> _Problem to solve_
Write out again the lines from the line with "磁盘上没有分区,所以我们使用命令 ['n'] 创建一个主分区['p'], 分配分区号为['1']" up to and including the line with "Sinds het verlies", exactly as they stand below, and skip any picture.

----- Information supplied -----

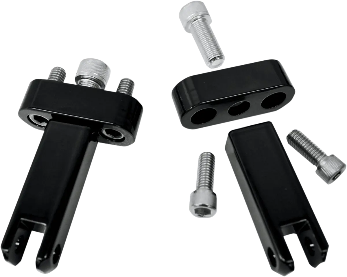 The Drag Specialties Passenger Foot Peg Mount Kit is designed to seamlessly replace the OEM floorboards with stylish and functional foot pegs. Crafted from durable billet steel, these mounts ensure long-lasting performance and a sleek appearance. The gloss black and silver finish adds a touch of elegance to your ride. These mounts accept any male-mount style foot pegs, allowing for a wide range of customization options. Installation is straightforward, providing a secure and stable platform for passenger foot pegs. Made in the USA, these mounts guarantee superior quality and reliability. They are adjustable to give the best possible riding experience.
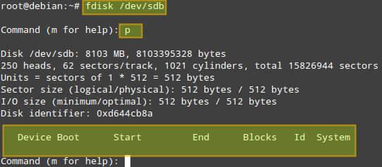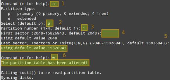 磁盘上没有分区,所以我们使用命令 ['n'] 创建一个主分区['p'], 分配分区号为['1'] 并且指定大小。你可以按回车使用默认值,或者输入一个你想设置的值。如下图:
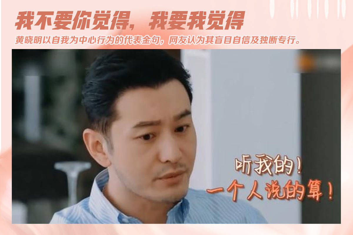 在美食综艺节目《中餐厅》里,黄晓明作为“店长”在有关餐厅菜式、采购等事情上,常常不顾及其他人的意见,发表自己的看法。随即,黄晓明在节目中的“经典”台词“我不要你觉得,我要我觉得”“这个事情不需要讨论”“听我的,我说了算”“你别干了”等等,迅即在网上流传开来。
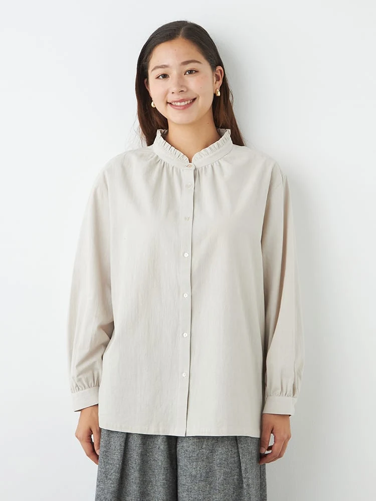 細かなフリルをあしらった襟がさりげなく甘さをプラスしてくれる長袖シャツ。
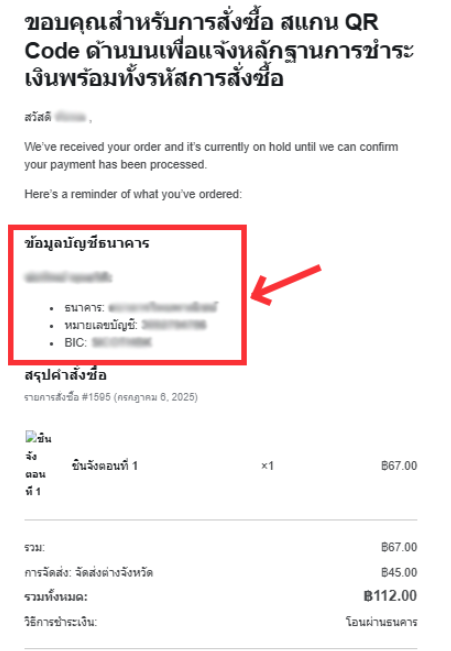 หลังจากชำระเงินเรียบร้อยแล้ว กรุณาส่งหลักฐานการโอนเงิน (เช่น สลิปโอน) พร้อมแจ้งเลขคำสั่งซื้อ
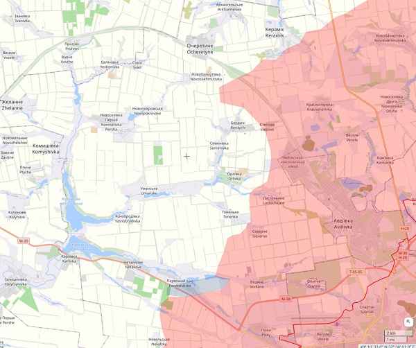 Sinds het verlies van Avdeevka moesten de Oekraïense strijdkrachten steeds weer terugvallen. Er zijn geen natuurlijke barrières die gebruikt zouden kunnen worden voor verdediging en er is geen materiaal om verdedigingslinies te bouwen over kaal land.
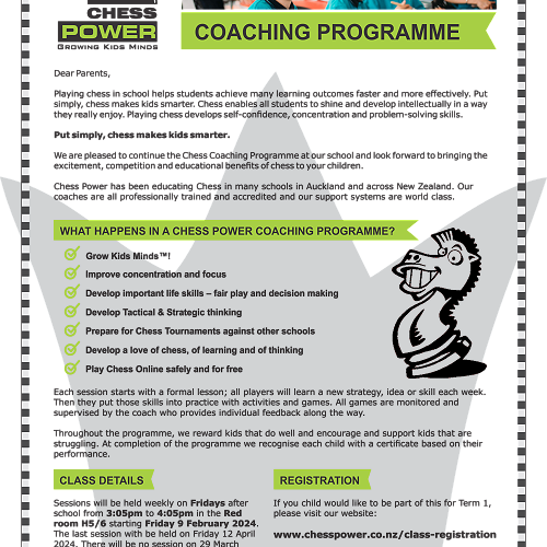 Visit this articleChess Power Coaching Programme Fridays after school 3.05pm to 4.05pm...
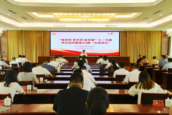 在中国共产党成立104周年之际,省委编办围绕深入贯彻中央八项规定精神学习教育主题,组织开展“强党性 优作风 促发展”七一主题党日活动暨第43期“五高讲坛”。活动通过赴省委党校警示教育馆现场见学、集体重温入党誓词、颁发“光荣在党50年”纪念章、办主要领导讲党课等形式,教育引导全办党员干部职工进一步深刻感悟习近平总书记关于加强党的作风建设的重要论述精神,深化学习教育成效,涵养优良作风。

-----

> _Completed task_
 磁盘上没有分区,所以我们使用命令 ['n'] 创建一个主分区['p'], 分配分区号为['1'] 并且指定大小。你可以按回车使用默认值,或者输入一个你想设置的值。如下图:
 在美食综艺节目《中餐厅》里,黄晓明作为“店长”在有关餐厅菜式、采购等事情上,常常不顾及其他人的意见,发表自己的看法。随即,黄晓明在节目中的“经典”台词“我不要你觉得,我要我觉得”“这个事情不需要讨论”“听我的,我说了算”“你别干了”等等,迅即在网上流传开来。
 細かなフリルをあしらった襟がさりげなく甘さをプラスしてくれる長袖シャツ。
 หลังจากชำระเงินเรียบร้อยแล้ว กรุณาส่งหลักฐานการโอนเงิน (เช่น สลิปโอน) พร้อมแจ้งเลขคำสั่งซื้อ
 Sinds het verlies van Avdeevka moesten de Oekraïense strijdkrachten steeds weer terugvallen. Er zijn geen natuurlijke barrières die gebruikt zouden kunnen worden voor verdediging en er is geen materiaal om verdedigingslinies te bouwen over kaal land.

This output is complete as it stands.